[[ DATASET CONTENT open ]]
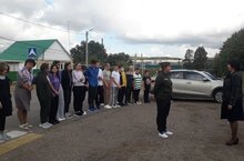 На линейке присутствовали ученики 5-6-7 классов. Одновременно звучал гимн Российской Федерации и Республики Татарстан, учащиеся и педагоги пели гимны.
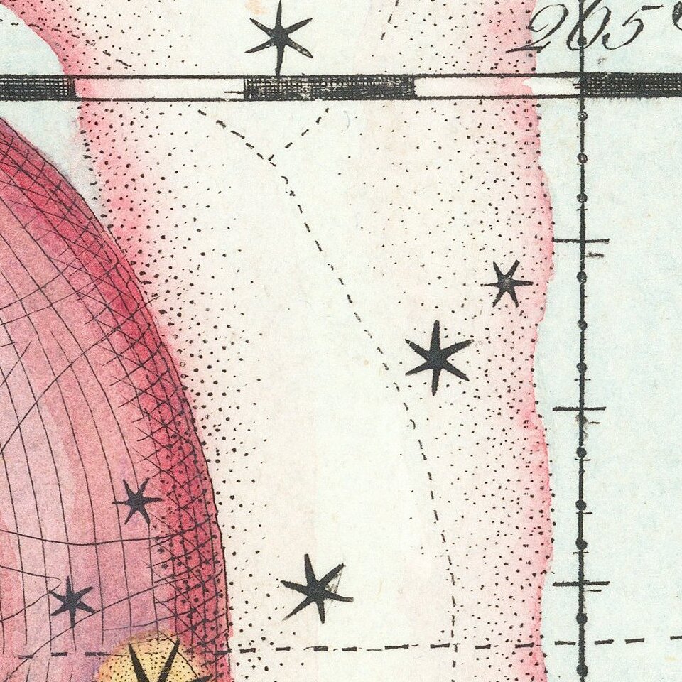 A magnificent hand-colored engraved celestial plate from "the most elaborate atlas of stars and constellations published to date and perhaps the last great star atlas." - David Rumsey
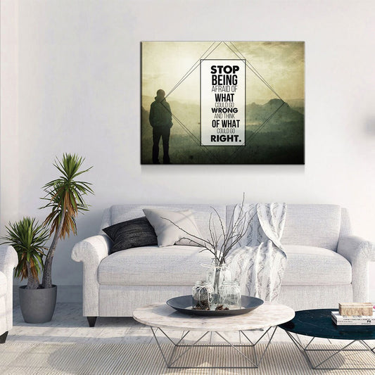 Stop Being Afraid Of What Could Go Wrong And Think Of What Could Go Right Canvas Wall Art, Motivational Decor
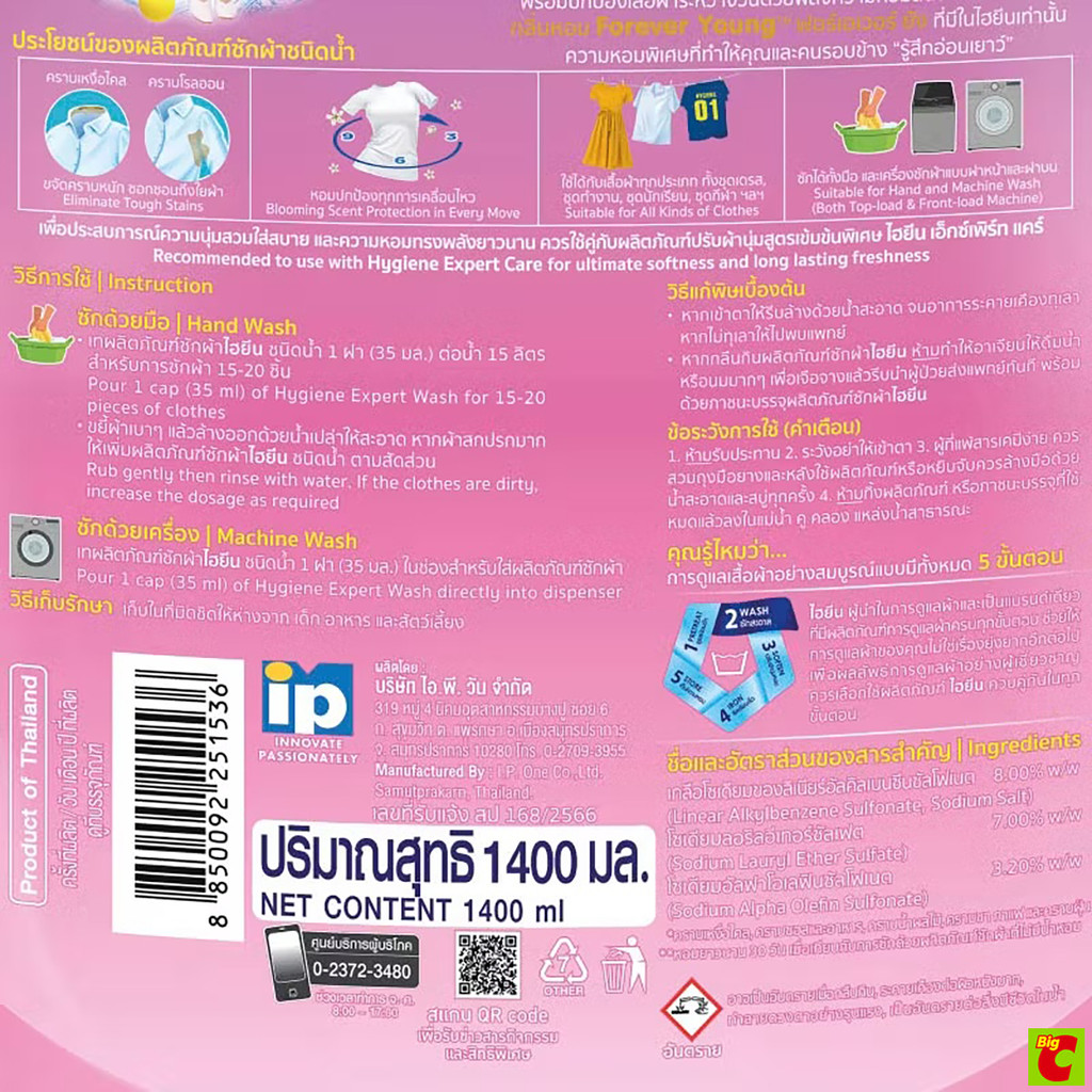 ไฮยีน เอ็กซ์เพิร์ท วอช ผลิตภัณฑ์ซักผ้าชนิดน้ำ กลิ่นฟอร์เอเวอร์ บลูม 1400 มล.
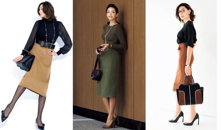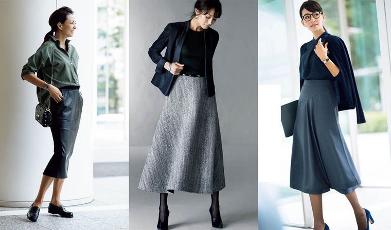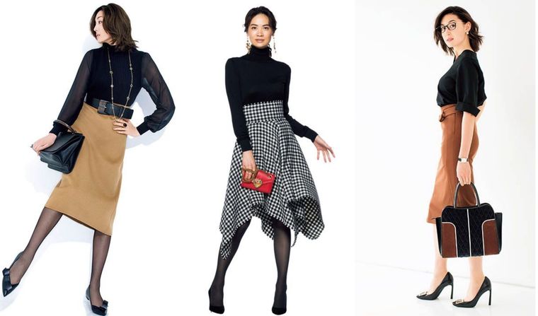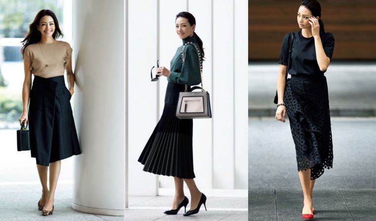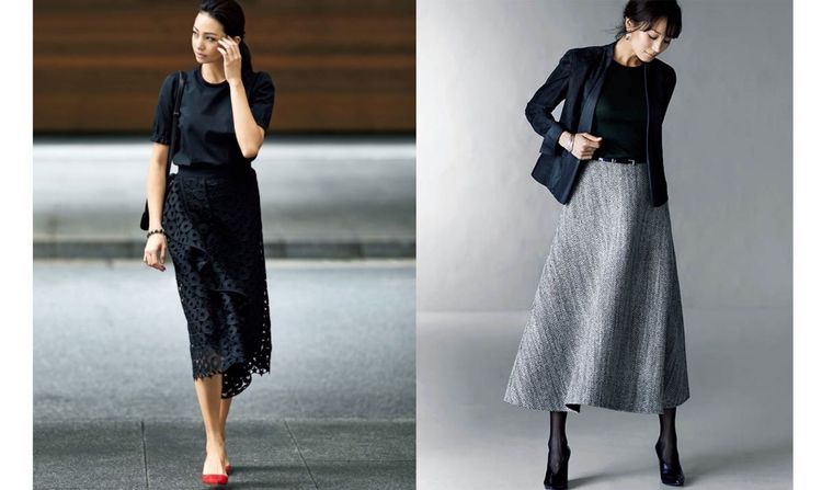 秋の大人のスカートコーデまとめ。この秋におすすめのスカートコーデのご紹介。黒スカートの…
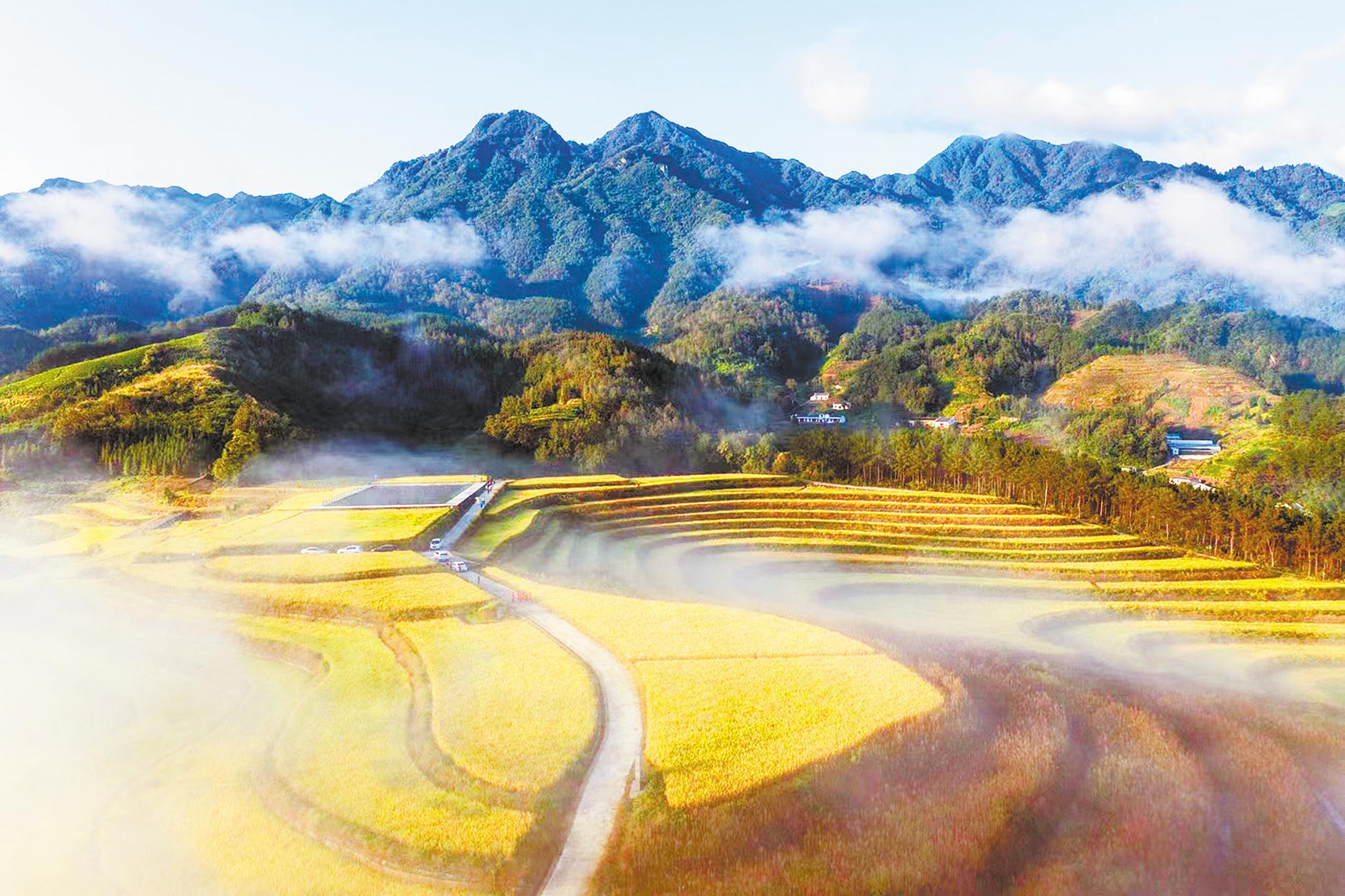 竹溪县中峰镇旱改水项目,金黄的梯田与青山绿水相映,构成一幅山水画卷(资料照片)。(通讯员 帅云 摄)
[[ DATASET CONTENT closed ]]
Could you copy out every record exactly, minus the pictures?

• _EXERCISE OUTPUT_
 На линейке присутствовали ученики 5-6-7 классов. Одновременно звучал гимн Российской Федерации и Республики Татарстан, учащиеся и педагоги пели гимны.
 A magnificent hand-colored engraved celestial plate from "the most elaborate atlas of stars and constellations published to date and perhaps the last great star atlas." - David Rumsey
 Stop Being Afraid Of What Could Go Wrong And Think Of What Could Go Right Canvas Wall Art, Motivational Decor
 ไฮยีน เอ็กซ์เพิร์ท วอช ผลิตภัณฑ์ซักผ้าชนิดน้ำ กลิ่นฟอร์เอเวอร์ บลูม 1400 มล.
 秋の大人のスカートコーデまとめ。この秋におすすめのスカートコーデのご紹介。黒スカートの…
 竹溪县中峰镇旱改水项目,金黄的梯田与青山绿水相映,构成一幅山水画卷(资料照片)。(通讯员 帅云 摄)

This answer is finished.